In 2017 and 2018, a number of Trump administration officials such as Carl Higbie, Jamie Johnson, Todd Johnson, Christine Bauserman, and Brute Bradford resigned over controversial comments Kaczynski uncovered.

In March 2019, Kaczynski reported on a 1993 Senate speech in which Joe Biden referred to "predators on our streets" and proposed that new legislation was required to utilize prisons to remove them from society.

In September 2024, Kacynski and Em Steck reported that the Republican nominee for the 2024 North Carolina gubernatorial election, Mark Robinson, had made comments on a porn site named Nude Africa, where he made numerous racist comments such as referring to himself as a "black NAZI", and admitting to "peeping" into a women's gym shower when he was a teenager.

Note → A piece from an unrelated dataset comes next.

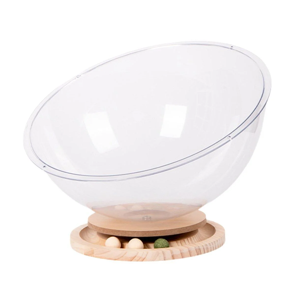 Material: Transparent acrylic bowl, solid wood turntable base

During the 2024 presidential campaign, Kacynski reported on Democratic nominee Kamala Harris's responses to a 2019 ACLU presidential candidate survey, including an answer indicating that Harris "supported taxpayer funding of gender transition surgeries for detained immigrants and federal prisoners." This stance would come into sharper focus following the Trump campaign's October "Kamala is for they/them" advertisements, which the campaign spent more money on airing than any other in the election.

== Recognition ==
Time named Kaczynski's Twitter feed one of "The 140 Best Twitter Feeds of 2013", one of ten in the Politics category. Slate political reporter Dave Weigel called him "the Oppenheimer of archival video research".

In 2013, he was listed on the Daily Beast website's "Beast Best" awards for his Twitter Feed. In 2014, New York magazine named him the 13th most influential Tweeter in New York City.

Politico named him one of the breakout stars of the 2016 election. In 2017, he was nominated for the Shorty Award for Best Journalist. In 2018, Kaczynski was named to Forbess 30 Under 30 Media list.

== Personal life ==

Kaczynski is married to Wall Street Journal banking reporter Rachel Louise Ensign.

On December 25, 2020, Kaczynski announced the death of his nine month old daughter Francesca. She died the day prior after a battle with an atypical teratoid rhabdoid tumor in her brain. In the year following her death, Kaczynski started the Team Beans Infant Brain Tumor Fund at Dana–Farber Cancer Institute and raised more than $1,700,000 for infant brain tumor research. In April 2021, he raised more than $240,000 by running the Boston Marathon.

Kaczynski's second daughter was born on January 27, 2022.

He was described as a moderate Republican in a New York magazine profile. It was later revealed Kaczynski was misquoted, and called himself "a political moderate".

Kaczynski is a New York Yankees, Cleveland Browns and Brooklyn Nets fan. At 19, Kaczynski had a bout of pancreatitis, leading him to eschew smoking and alcohol.